Industry: A rapid expansion of the manufacturing sector has been a key element of the growth experience of successful developing countries, especially Labour abundant ones. In this context, the Indian manufacturing sector exhibits many peculiarities. It contributes a rather small and stagnant share to GDP; its composition is more skewed towards skill and capital intensive activities compared to countries at similar levels of development, only a small share of employment in manufacturing is in the organized sector accounted for almost 70% of total manufacturing employment in 2009-10 and employment is heavily concentrated in small firms. The degree of concentration is much higher than in other Asian countries.
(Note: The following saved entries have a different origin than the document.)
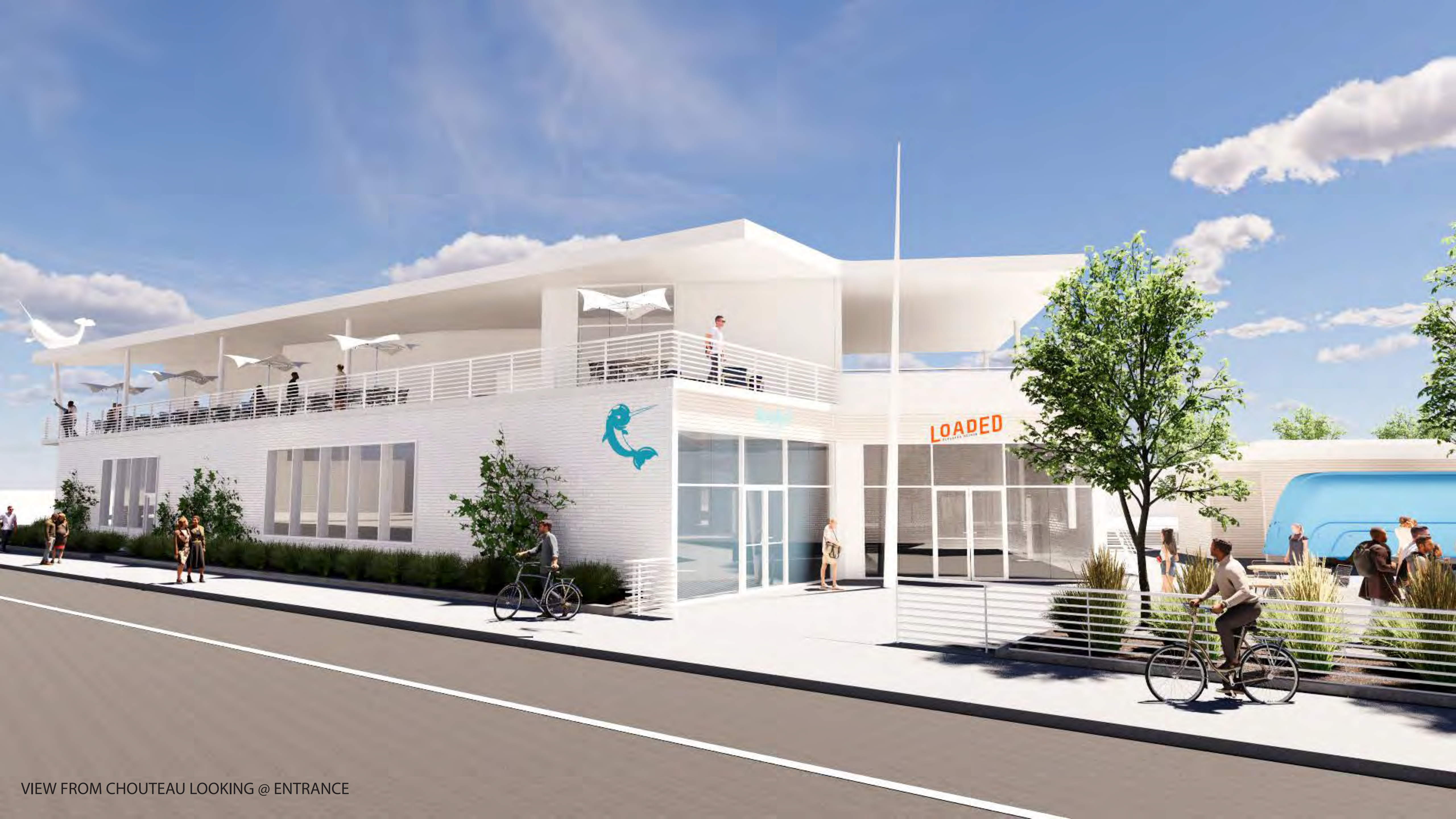
VIEW FROM CHOUTEAU LOOKING @ ENTRANCE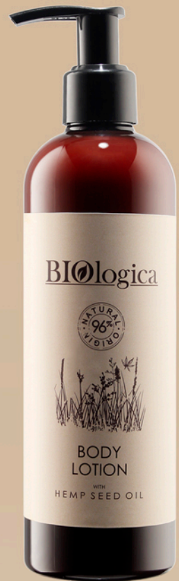
• Body lotion 350 ml.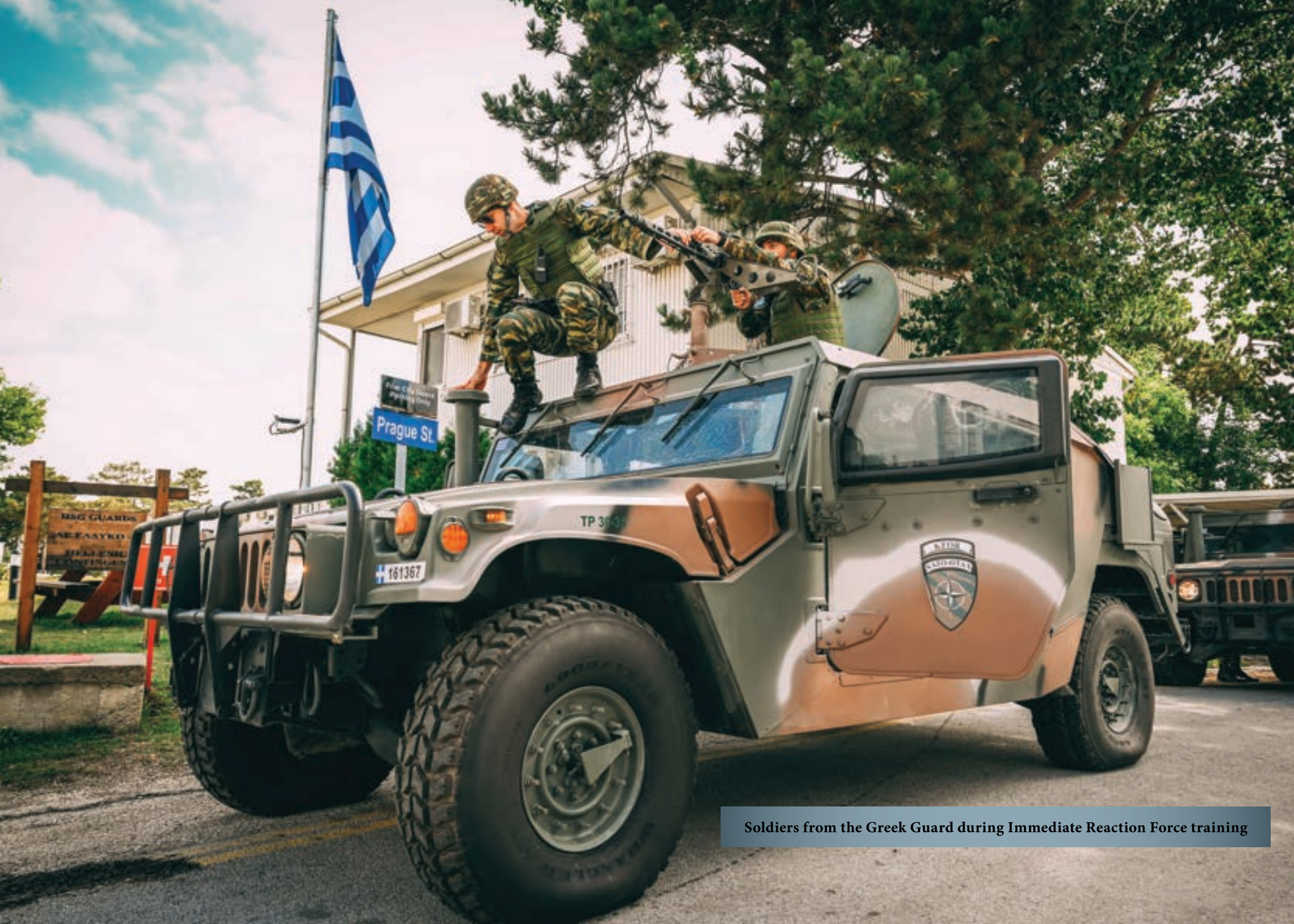
Soldiers from the Greek Guard during Immediate Reaction Force training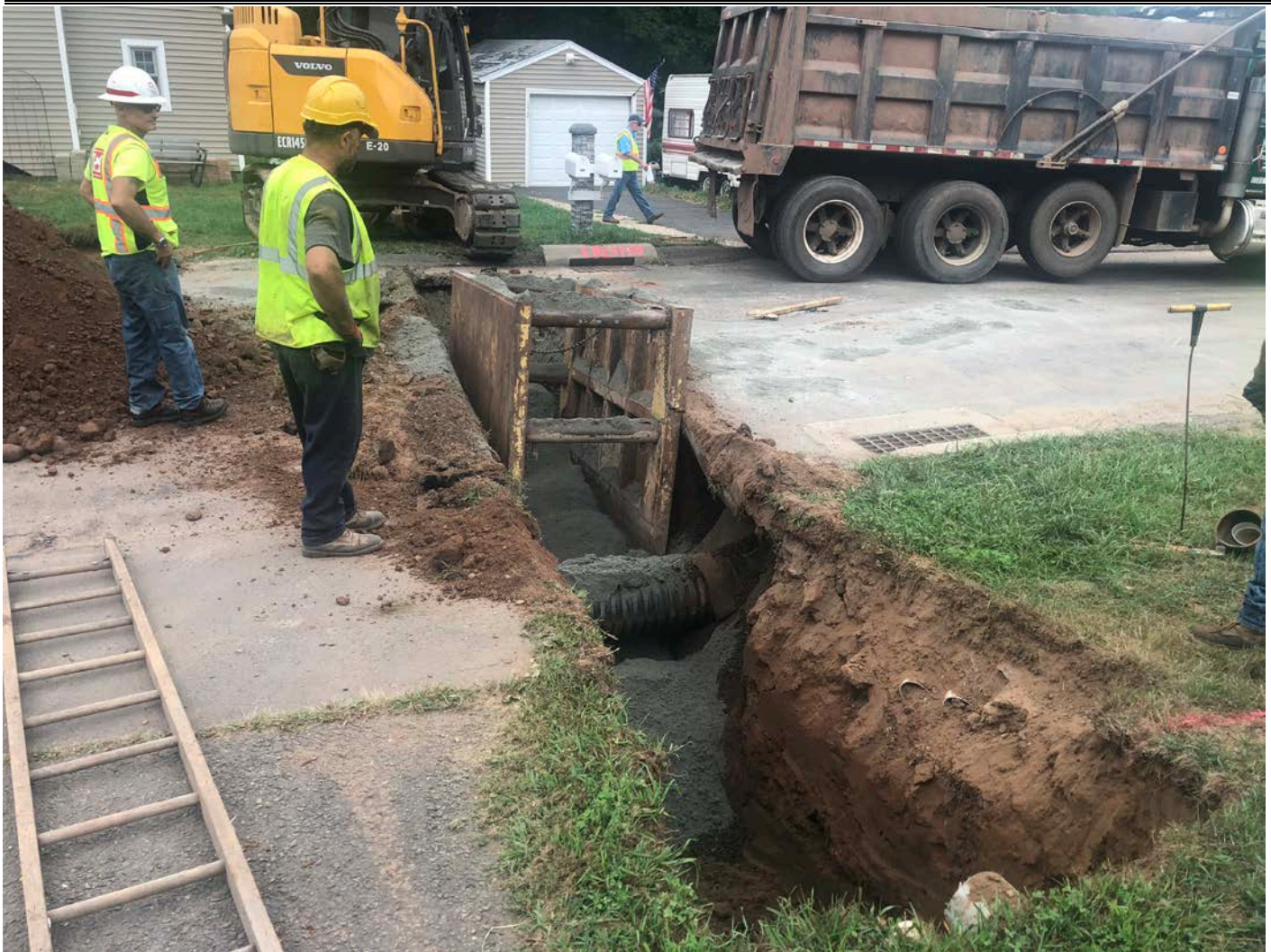
Picture 2: Ludlow installing a curb stop at 173 Maple Avenue, Durham. View to the west.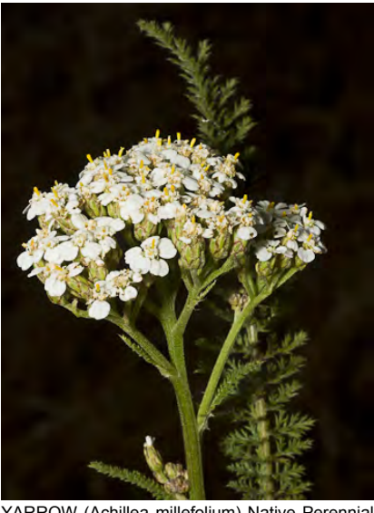
YARROW (Achillea millefolium) Native Perennial - Sunflower Family - (Apr–Sep) - Many habitats -Plant 4"-7' tall. Stem white-hairy. Leaves finely dissected. Flower cluster flat-topped. Flowers white to pink. Widely used in folk medicine.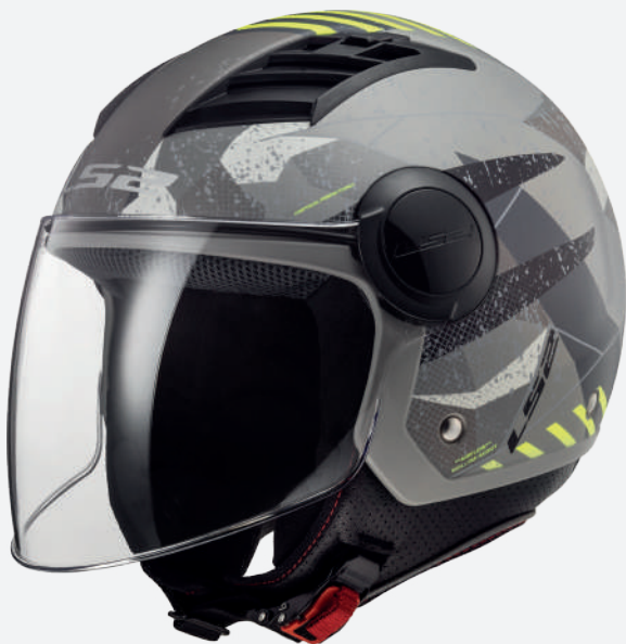
CAMO Matt Titanium Yellow 30562 54 61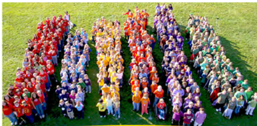
Students representing the six pillars of Character Counts: Trustworthiness, Respect, Responsibility, Fairness, Caring, and Citizenship

The initiative focuses on: safe school environments and violence prevention activities; alcohol and other drug prevention activities; student behavioral, social, and emotional supports; mental health services, and early childhood social and emotional learning programs. Through the implementation of SS/HS programs and activities, the district's goal is to reduce truancy, decrease disciplinary actions, and improve student academics. The SS/HS grant is geared towards creating a safe and healthy learning environment for students and their families.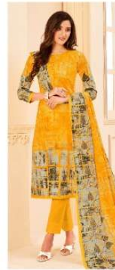
LOOK # 3010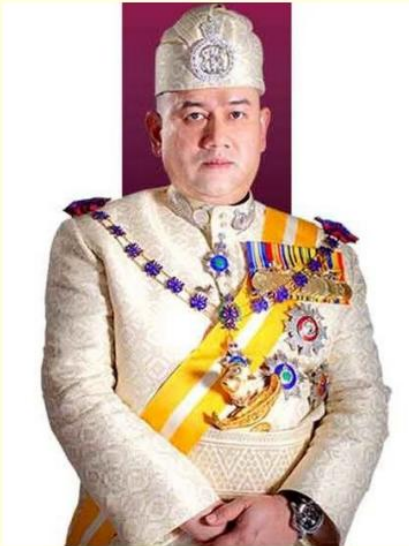
SULTAN MUHAMMAD V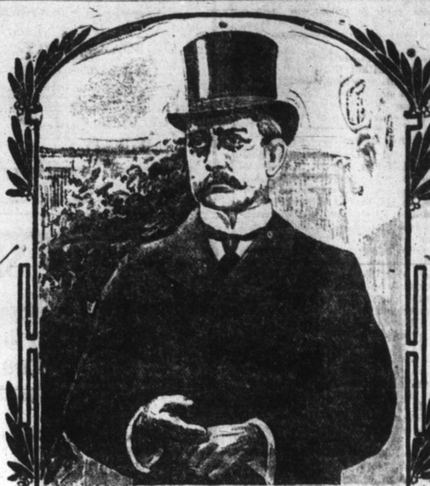
The latest photograph of Elihu R. Root, the new Secretary of State.

WERE-WOLVES AND VAMPIRES As Described By An English Banker. From the earliest ages of the world the occult arts have been practised under varied designations, and in many diverse forms, the east especially having been for many ages the home of magic and sorcery. Even at the present day the most astounding tricks are performed by jugglers and magicians in India and other eastern countries; amongst the most startling being the ordinary basket trick, which so many have witnessed. The juggler places a large empty basket on the ground, into which a little girl steps, the lid being then closed and fixed. He then apparently pierces the basket through with a long sharp rapier, the weapon soon reeking with blood, while the most agonizing shrieks and gasps horrify the audience, eventually becoming fainter and weaker until, at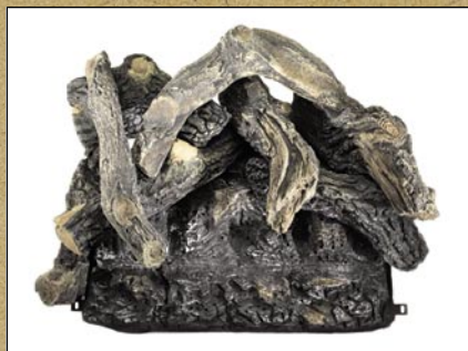
Solid, unitized log arrangement is intricately detailed.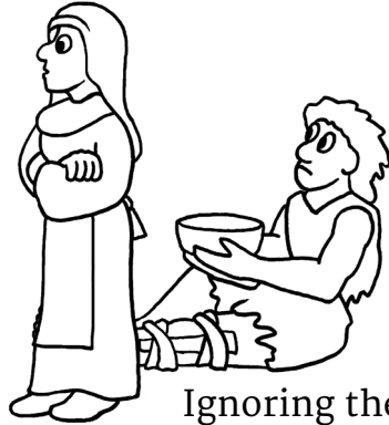
Ignoring the poor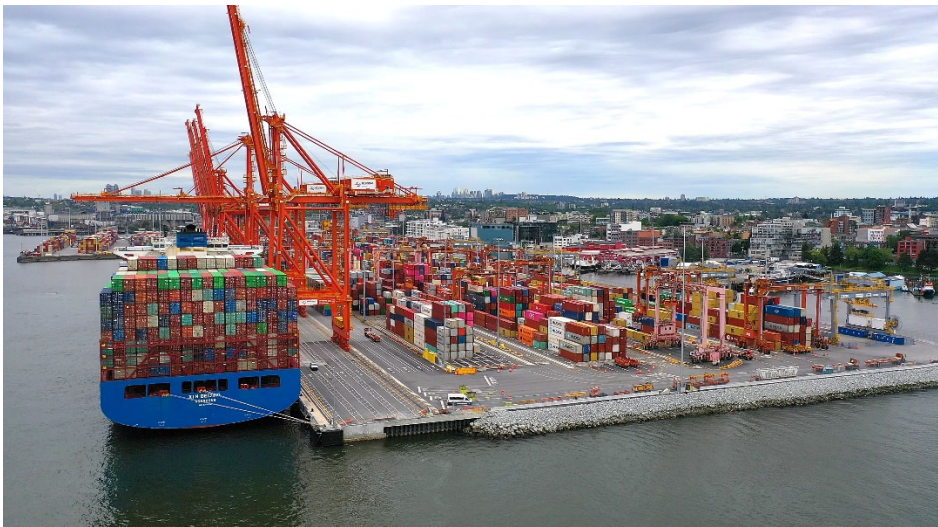
Pictured: A vessel offloading cargo at Centerm

This month, work on the terminal and on the south shore continues.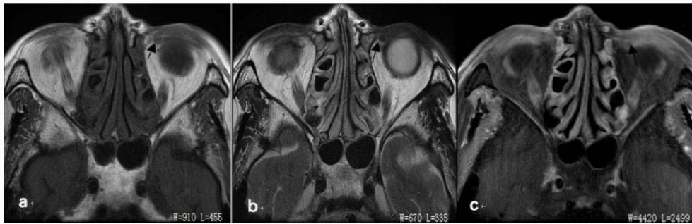
Figure 1a: MRI image of orbit (Transverse section).

(a) (indicated by the arrow) T1 weighted image showed a soybean mass in the left eye area, showing an equal and uniform signal; (b) (indicated by the arrow) T2 weighted image showed an abnormal signal shadow mass in the epicanthus area of the left eye, showing an equal and uniform signal; (c) (arrow) showed no obvious enhancement of the tumor.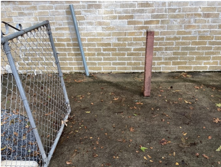
At the right side of the home, a driveway has been poured against the home with a negative slope. This driveway is in place above the bottom run of the brick and is obstructing some weep holes along the rear section.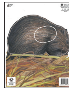
NFA-28 – Muskrat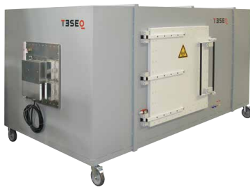
RVC XS with option EUT BOX-1 and 2x SIF RC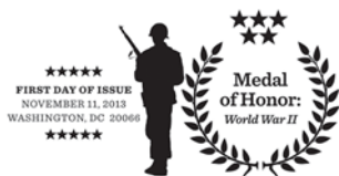
Black and White Pictorial

Medal of Honor Stamps Special Cancellations PO Box 92282 Washington, DC 20090-2282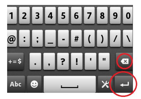
Figure 2: Confusing enter and backspace metaphors on the Android.

Some failures and similar behavior during task execution between user groups were identified for each operating system. Some of these tasks failures weren't shown since they were not relevant evidence on this case study. It was noted that in the Android system the main failures of similar behavior refers to the metaphors used for the enter and backspace buttons that confused users (Figure 2) when typing a message, regardless of the user group: 25% of them were confused by these buttons (Table 3).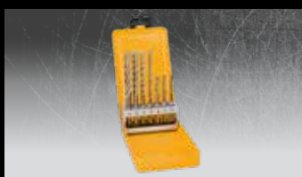
DT9701 7-PIECE SDS PLUS EXTREME® DRILLING SET 7 parts in metal case, 5, 2x6, 2x8, 10, 12 mm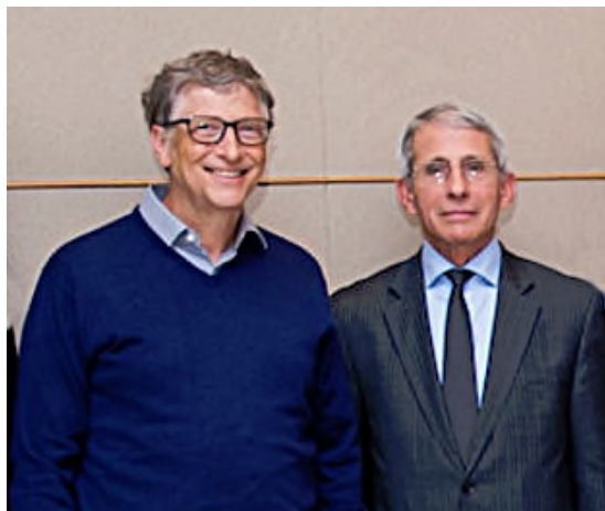
Gates and Fauci

“The man that wandereth out of the way of understanding shall remain in the congregation of the dead.” (Proverbs 21:16)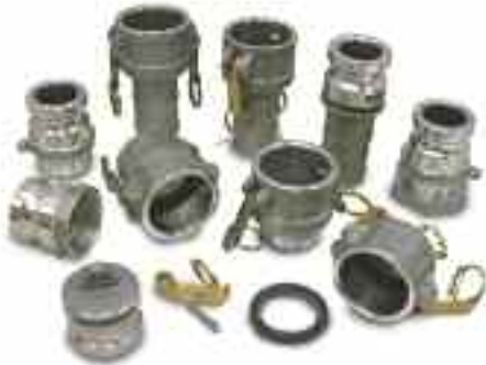
Piping, Coupling & Elbows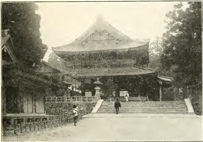
THE KONDO, THE CHIEF SANCTUARY OF KOYASAN.

Beside those above mentioned, there is a large number of splendid wooden sculptures, as the Shingon sect of Buddhism, to which the Koyasan monastery belongs, has given fitting and plastic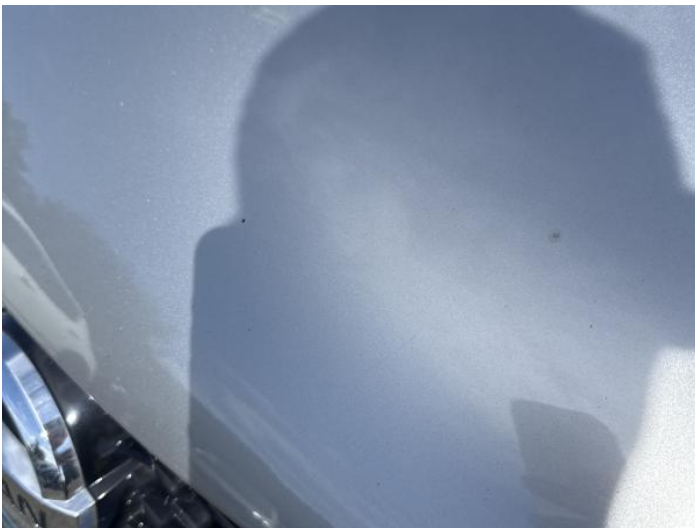
1: Bonnet Chipped Multiple Chips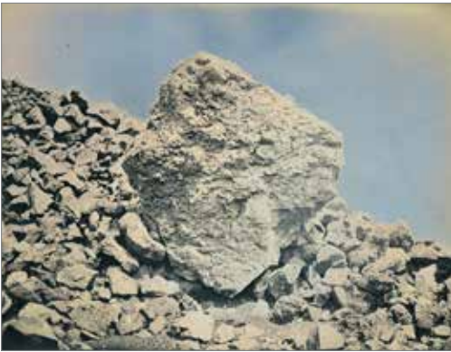
Binh Danh, Cinders at Craters of the Moon , 2013, original camera-exposed daguerreotype, courtesy the artist and Haines Gallery, San Francisco

Three additional artists will also participate in the Ketchum exhibition.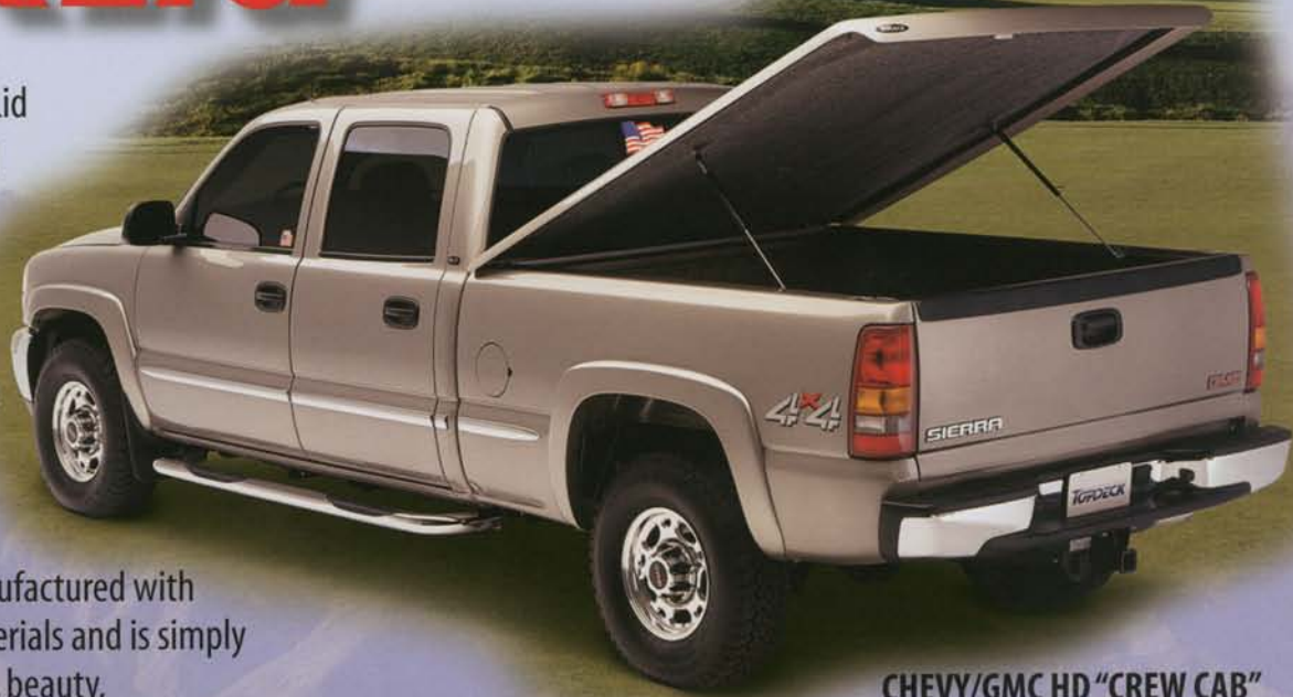
CHEVY/GMC HD "CREW CAB"

Each Decklid® is carefully manufactured with state-of-the-art composite materials and is simply unmatched in its craftsmanship, beauty, and precise custom fit.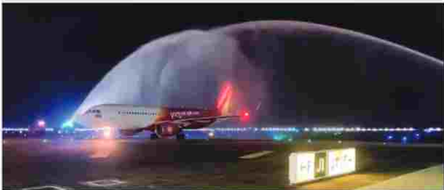
Swagatham to Kochi | CIAL ARSF welcomes Vietjet's first service from Ho Chi Minh city with a water salute.

This service marks a historic milestone for CIAL as it establishes the first direct air link between Kerala and Vietnam, creating a significant avenue for both business and leisure travel. Furthermore, this new addition complements CIAL's existing flight services to various Southeast Asian destinations, enhancing the airport's connectivity and reinforcing its status as a vital hub for international travel.

Services: Most of the service sector enterprises in India are in smaller or medium scale category, the non conducive Labour laws of the country not only discourage them from expanding in to big scale enterprises, they also do not provide them any encouragement to recruit labourers formally. This is why most of these units are managing their activities with the help of informal labourers. This not only hampers the growth and development of these industries, it also breeds high level of uncertainty of job among the informal Labourers. In India reforms are typically implemented only after they have been subject to a lot of debate and after some kind of political consensus is reached on them. It is therefore imperative that consensus building on Labour market reforms should start soon. It may take time to make polconsensus for fundamental reforms. In the meantime time, states could be allowed more flexibility to experiment without coming into conflict with central statues. Rigid labour laws are determined to be the key constraining factor in the creation of productive jobs. Existing permanent workers can continue till retirement with their privileges left untouched. The remaining workers could be encouraged to move into contractual employment that can be terminated but which gives the workers some protection – Recent times have seen more determined and patient attempts of labour reforms by the Government at the centre.
Government’s moves towards labour reforms are faced with increased opposition from the trade unions and the pol parties. Several good moves have come in this regard such as arrangement of health insurance for the labourers of the unorganized sector, pension schemes, amendment in the apprentice ship law, launch of the unified labour portal, employees insurance scheme, digitization of the EPF, changes in the bonus laws and reforms related to employment benefits of the contract labourers being the major ones. Job security has been a thorny issue in other countries, too. It is believed that in the absence of certain degree of safety net available to the workers enacting the right kind of labour reforms will be quite detrimental to the socio pol conditions of the country. Taking clues from the global experience experts suggest the Government to first put in place an effective bankruptcy law and unemployment benefit schemes for the workers.